- Exercise brief
The full listing should be written out verbatim, and its images should be dropped.

- Dataset excerpt

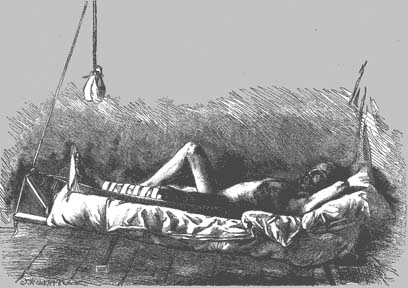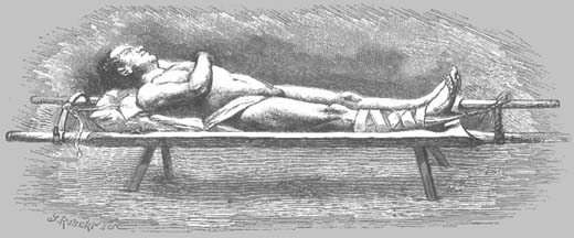 On this stretcher the wounded man can be borne with perfect safety to the limb, by hand, in cars, in boats, or in ambulance waggons built to receive the litter, or even in common freight railway waggons, provided they are so arranged that the weight of the body may rest upon the extreme ends of the stretcher. In this way the elasticity of the wood from which the stretcher is constructed is utilized, and the bruises or injuries avoided which might ensue from the shocks and jolts produced by the roughness of the road over which the carriage passes. No number of consecutive stoppages, either for hours or days, could in any way interfere with the process of restoration, provided the man be as well cared for as at first, and not removed from the stretcher.
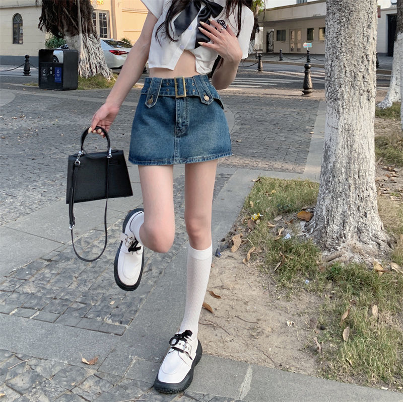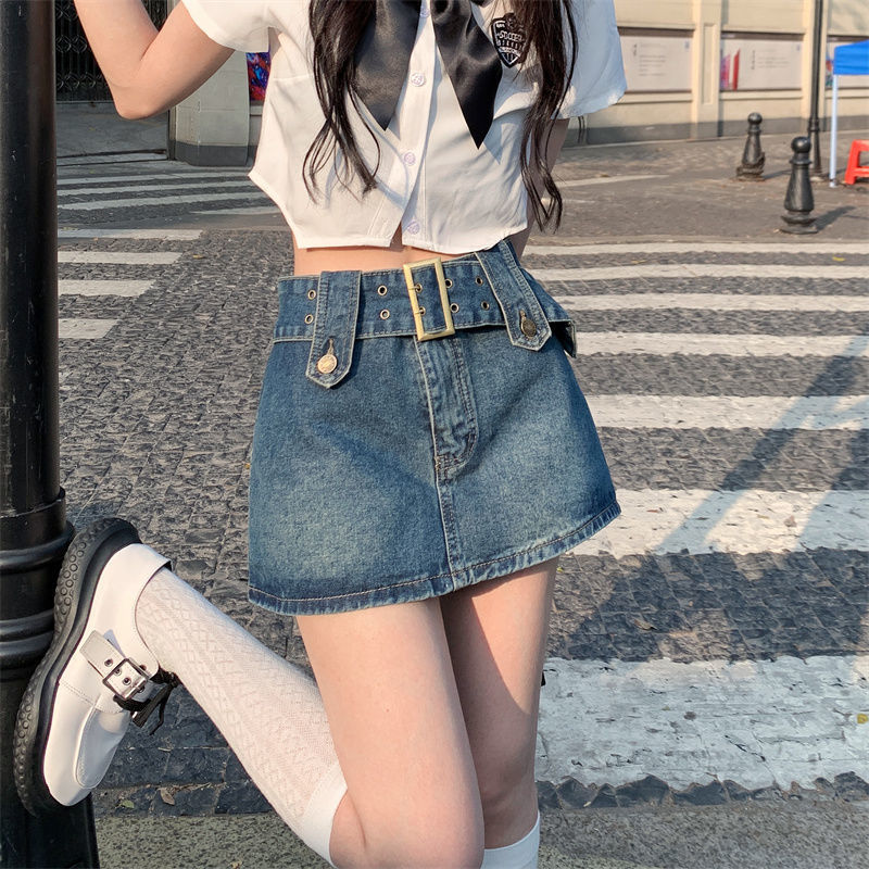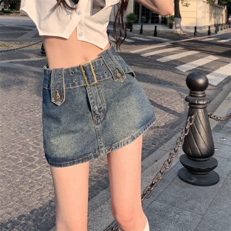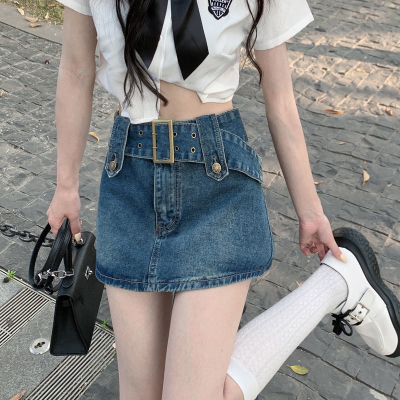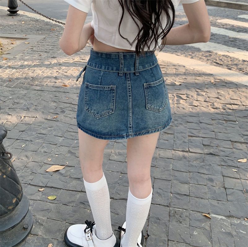 여성용 데님 스커트 2023 여름 신작 하이 웨이스트 핫 걸 미니 스커트 힙 커버 스커트 노출 방지 바지 스커트스토어 가기
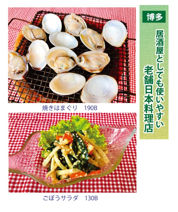 博多5月のお薦めは、焼きはまぐり(190B)、ごぼうサラダ(130B)です。ぜひお試しください。
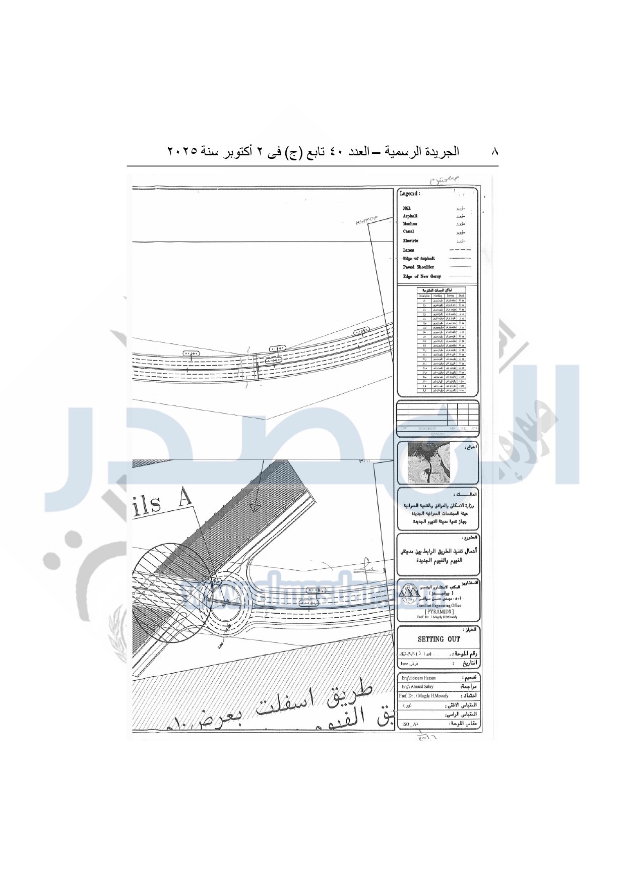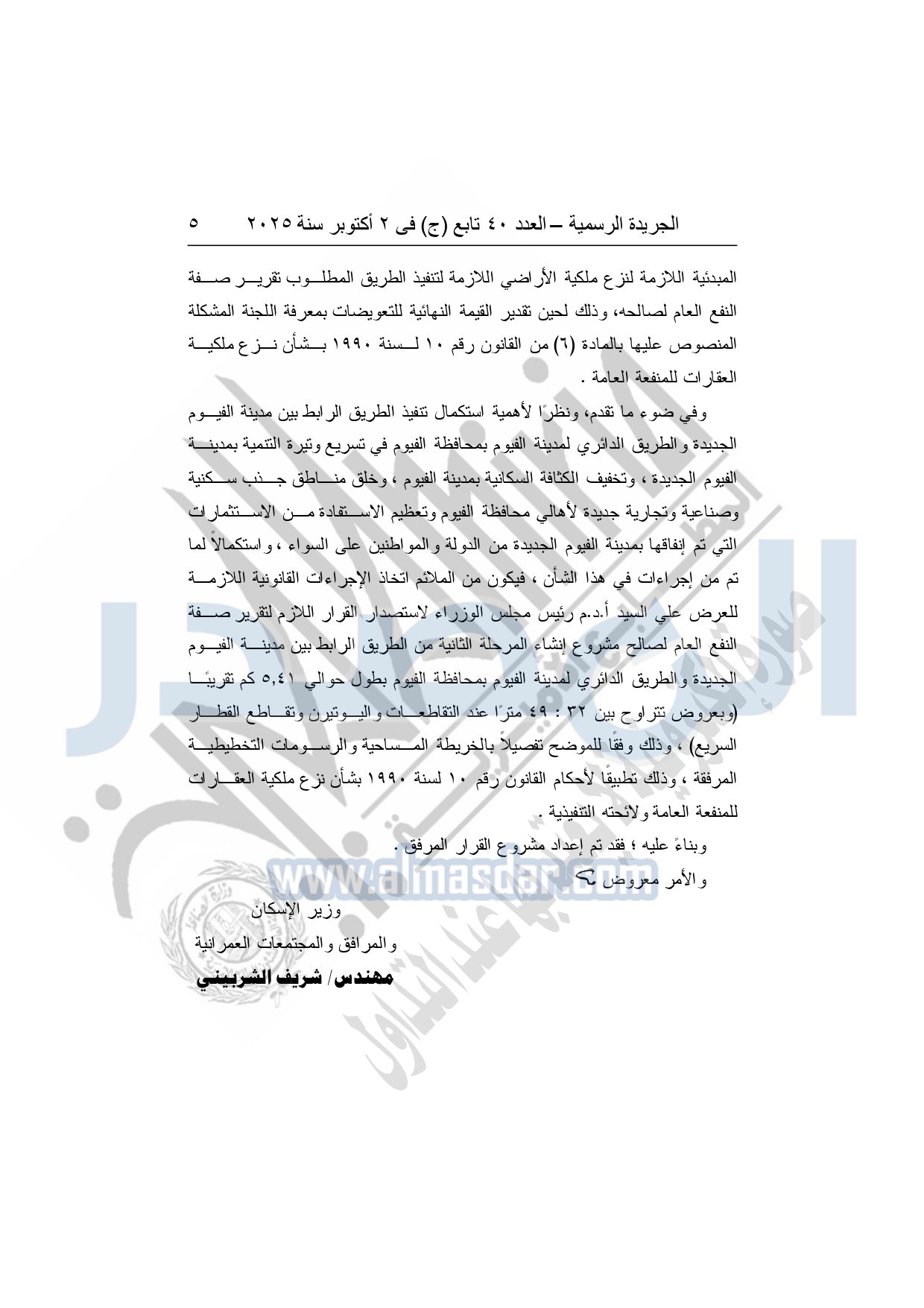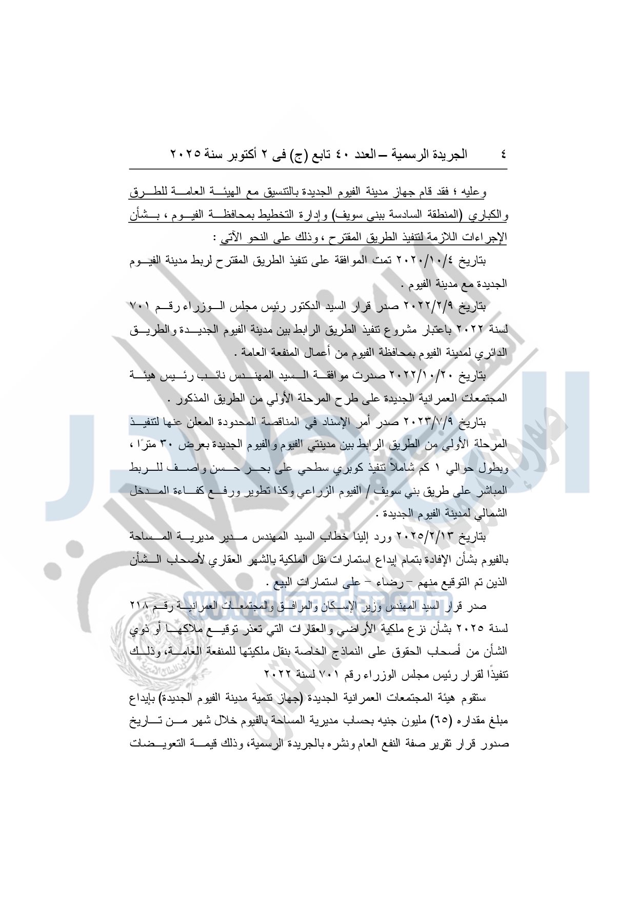 نشرت الجريدة الرسمية في العدد 40 تابع "ج"، بتاريخ 2 أكتوبر 2025، قرار رئيس مجلس الوزراء، رقم 3546 لسنة 2025، بشأن نزع ملكية بعض الأراضي لإقامة مشروع إنشاء المرحلة الثانية من الطريق الرابط بين مدينة الفيوم الجديدة والطريق الدائرى لمدينة الفيوم بمحافظة الفيوم.

- Result for this exercise
 On this stretcher the wounded man can be borne with perfect safety to the limb, by hand, in cars, in boats, or in ambulance waggons built to receive the litter, or even in common freight railway waggons, provided they are so arranged that the weight of the body may rest upon the extreme ends of the stretcher. In this way the elasticity of the wood from which the stretcher is constructed is utilized, and the bruises or injuries avoided which might ensue from the shocks and jolts produced by the roughness of the road over which the carriage passes. No number of consecutive stoppages, either for hours or days, could in any way interfere with the process of restoration, provided the man be as well cared for as at first, and not removed from the stretcher.
 여성용 데님 스커트 2023 여름 신작 하이 웨이스트 핫 걸 미니 스커트 힙 커버 스커트 노출 방지 바지 스커트스토어 가기
 博多5月のお薦めは、焼きはまぐり(190B)、ごぼうサラダ(130B)です。ぜひお試しください。
 نشرت الجريدة الرسمية في العدد 40 تابع "ج"، بتاريخ 2 أكتوبر 2025، قرار رئيس مجلس الوزراء، رقم 3546 لسنة 2025، بشأن نزع ملكية بعض الأراضي لإقامة مشروع إنشاء المرحلة الثانية من الطريق الرابط بين مدينة الفيوم الجديدة والطريق الدائرى لمدينة الفيوم بمحافظة الفيوم.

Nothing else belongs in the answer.